Sexisme, bientôt fini ? Ce qu’il faut retenir du dernier rapport choc du Haut Conseil à l’Égalité

Comme chaque année, le Haut Conseil à l’Égalité fait un état des lieux du sexisme en France. Les nouvelles données, fraîchement révélées, ne sont pas vraiment rassurantes. Ce piédestal sur lequel les hommes se hissent s’apparente désormais à un sommet abrupt, que les femmes auront du mal à gravir. Cette tant attendue égalité des sexes semble encore relever de l’utopie. Selon les chiffres, les mentalités sont toujours pétries de stéréotypes de genre et les jeunes générations, qui incarnent l’espoir, n’ont pas l’air de vouloir acter le changement. Entre vieux relents masculinistes, backlash anti-féministe, propagande de la femme soubrette sur les réseaux sociaux… À l’approche de la Journée nationale contre le sexisme, le 25 janvier, voici les grandes lignes du rapport émis par le Haut Conseil à l’Égalité. Trigger warning : à la vue de ces chiffres, vous êtes susceptible d’avoir des nausées.
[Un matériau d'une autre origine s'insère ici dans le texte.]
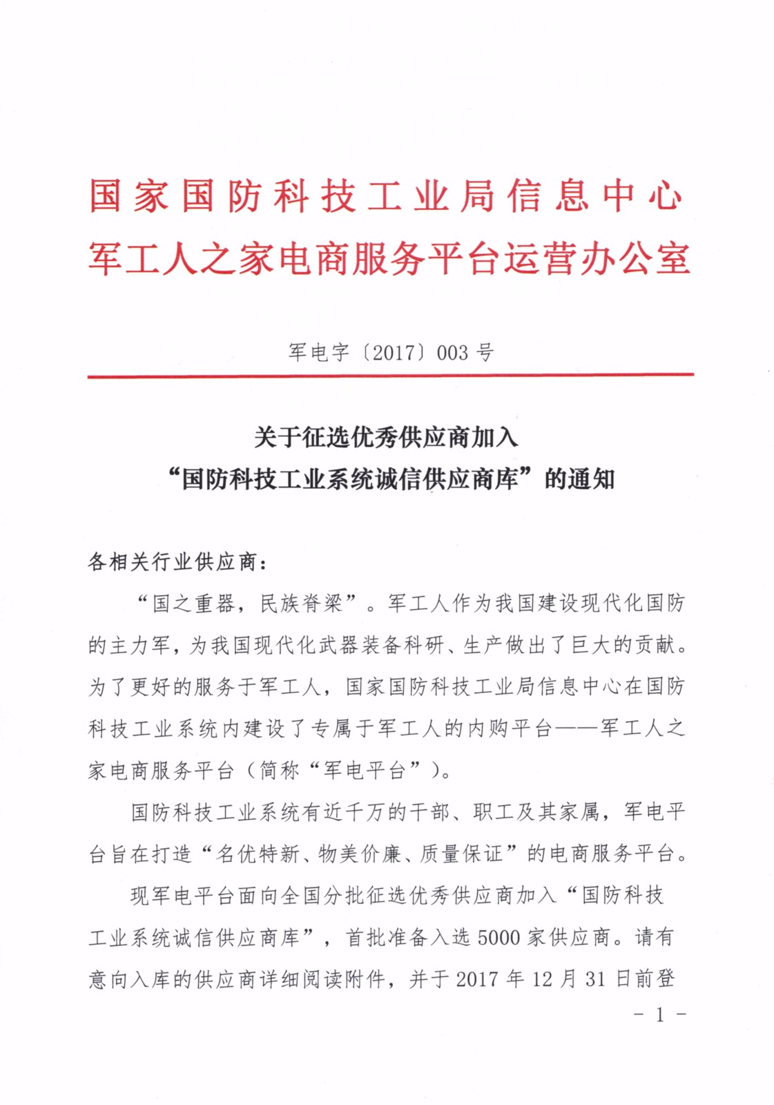 - 標 題:關(guān)于征選優(yōu)秀供應商加入“國防科...

Le sexisme s’enracine davantage dans la société

Malgré une prise de conscience collective du sexisme, il continue de s’infuser dans les mentalités, à la manière d’un virus endémique. Depuis 2019, le Haut Conseil à l’Égalité, instance indépendante, publie un rapport sur le sexisme. Ce document tire rarement un bilan glorieux sur le sort des femmes. C’est encore le cas cette année. Le rapport du Haut Conseil à l’Égalité, rendu public le 22 janvier dernier, dresse le portrait d’une société prisonnière de ses vieux démons. Au 21e siècle, la guerre des sexes est toujours d’actualité et l’idéologie patriarcale ne faiblit pas.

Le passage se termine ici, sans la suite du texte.